Relief of rheumatoid arthritis by baicalin evaluated by pain thresholds (A) and clinical arthritic scores (B) in a mouse model. ** Compared with control group P<0.01, ## compared with saline treatment group P <0.01.
Reduction of the inflammatory mediators by baicalin in rheumatoid arthritis mouse model
To further determine the effect of baicalin on the inflammation in mice with rheumatoid arthritis, the local histopathological changes of the ankle joint and systemic TNF-α, IL-1β, and IL-6 levels were investigated. An obvious reduction of swelling on gross and less infiltration of inflammatory cells were observed in articular cartilages. Furthermore, the limitation of cartilage degradation and joint destruction were also confirmed from the tissues samples of the rheumatoid arthritis mouse model with baicalin treatment (Figure 2A). At the same time, a large increase of TNF-α, IL-1β, and IL-6 levels in circulation were recorded after modeling (53.4±2.6 pg/mg vs. 243.6±6.74 pg/mg, 3.9±1.8 pg/mg vs. 15.2±1.4 pg/mg and 3.3±0.8 pg/mg vs. 12.5±0.9 pg/mg). However, these elevated inflammatory factors were significantly reversed in baicalin treatment group when compared with the saline group (TNF-α: 177.2±5.7 pg/mg, IL-1β: 6.9±0.8 pg/mg, and IL-6: 7.1±0.4 pg/mg) (Figure 2B–2D).
Figure 2.
Gross paw appearance and limited effect of cartilage degradation after baicalin treatment by immunohistochemical assays (A). Reduction of the inflammation against tumor necrosis factor-α (B), interlukin-1β (C), and interlukin-6 (D) levels with baicalin in a rheumatoid arthritis mouse model. ** Compared with control group P<0.01, ## compared with saline treatment group P<0.01.

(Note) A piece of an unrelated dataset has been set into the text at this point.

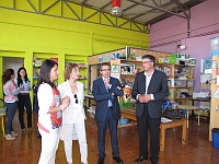 El secretari autonòmic i l'alcalde, acompanyats de la directora general de Família i Dona, Celia Ortega, i del director general de Joventut, Marcos Sanchis, i de les regidores de Benestar Social, Sarah Vallés, i joventut, Rocío Martínez, han visitat el Centre Social Municipal La Farola, on s'ubicarà el PEF.
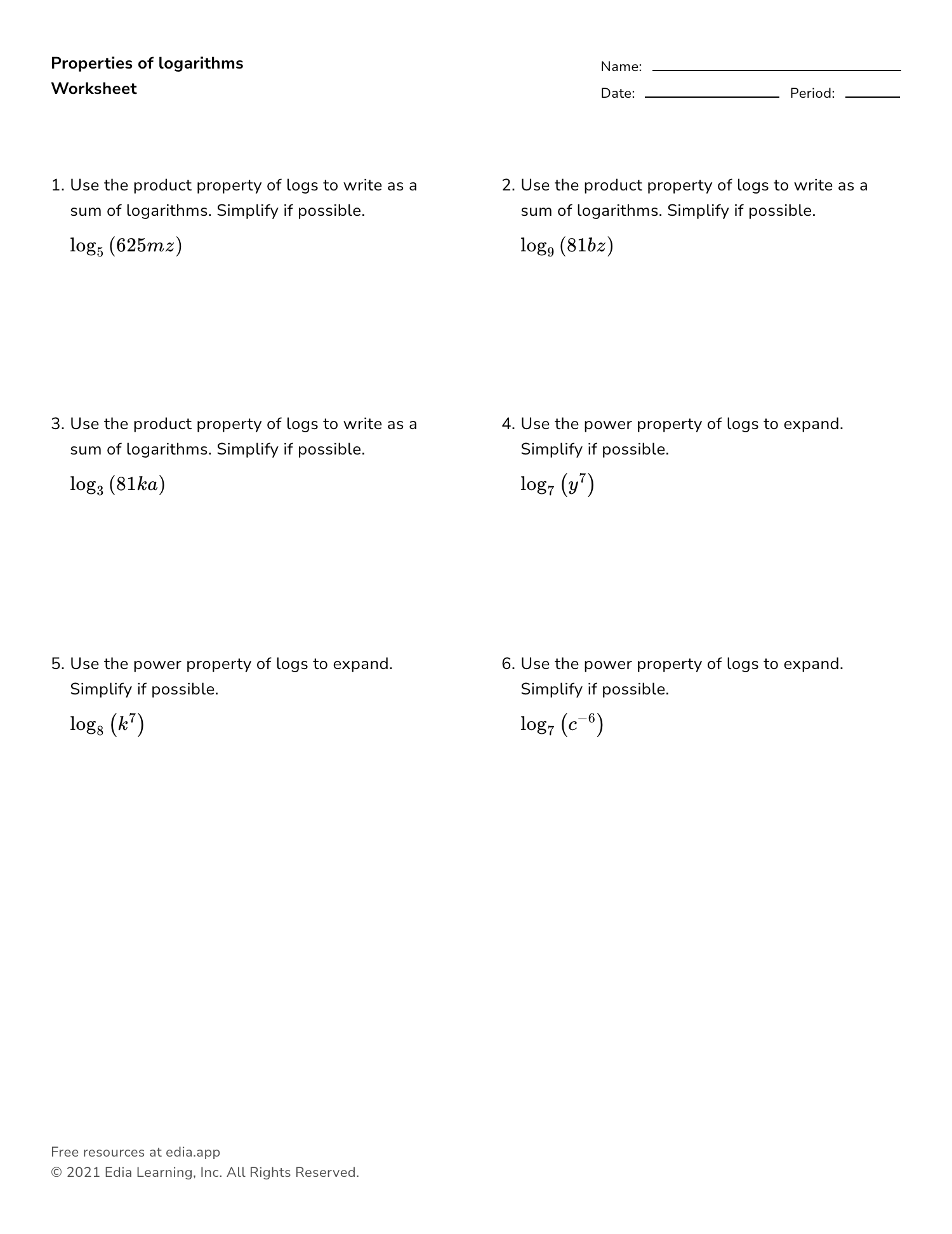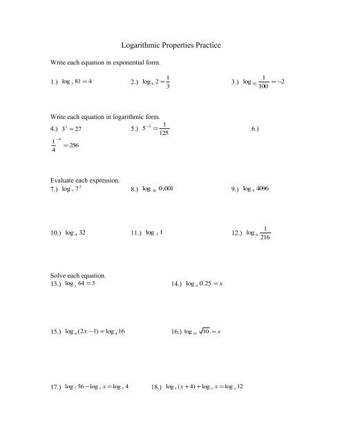 Log properties worksheet is a valuable tool for students to practice and master the various properties of logarithms. Logarithms are an important concept in mathematics that are used to solve complex equations and represent exponential functions. Understanding the properties of logarithms is essential for students to excel in higher-level math courses.

Decreased MMP-2, MMP-9 expression in synovium but increased induction of monocytes apoptosis by baicalin in rheumatoid arthritis mouse model
Interestingly, MMP-2 and MMP-9 expressions in synovium which are related with the dynamics of inflammatory cells, were also decreased after baicalin therapy from western blotting (Figure 3A–3C). The nuclear condensation change was a precursor sign of apoptosis. After baicalin therapy, the nuclei of infiltrated monocytes from rheumatoid arthritis mice showed more condensations when compared with saline treatment group (Figure 3D). Then the ratio of late apoptotic cells with Annexin V-FITC with high affinity was quantified by flow cytometry analysis. This confirmed that there were significantly more apoptotic cells in the baicalin treatment group compared to the saline control group (3.57±0.54% vs. 24.04±1.64%). Once representative data was plotted (Figure 3E, 3F).
Figure 3.
Impaired matrix metalloproteinase (MMP)-2, MMP-9 expression and induction of monocytes apoptosis in synovium by baicalin treatment in a rheumatoid arthritis mouse model. The MMP-2 and MMP-9 expression by western blotting (A, B) and their quantification analyses (C). The nuclear morphological changes of monocytes detected by immunofluorescence (bar=40 um) (D). Once typical apoptosis detection by flow cytometry (E) and quantification analysis (F). ** Compared with saline treatment group P<0.01.
Decreased inflammatory markers expression in synovium by baicalin in rheumatoid arthritis mouse model
Consistent with the development of inflammation in mice with rheumatoid arthritis modeling, the inflammatory markers such as iNOS and COX-2 protein levels were elevated in synovium respectively. And baicalin therapy also significantly decreased the production of iNOS and COX-2 compared with the saline group (Figure 4A, 4B).
Figure 4.
Inhibition of inflammatory markers expression including nitric oxide synthase (iNOS), cyclooxygenase-2 (COX-2) in synovium by baicalin treatment in a rheumatoid arthritis mouse model. The iNOS and COX-2 expression by western blotting (A, C) and their quantification analyses (B, D). ** Compared with saline treatment group P<0.01, ## compared with saline treatment group P<0.01.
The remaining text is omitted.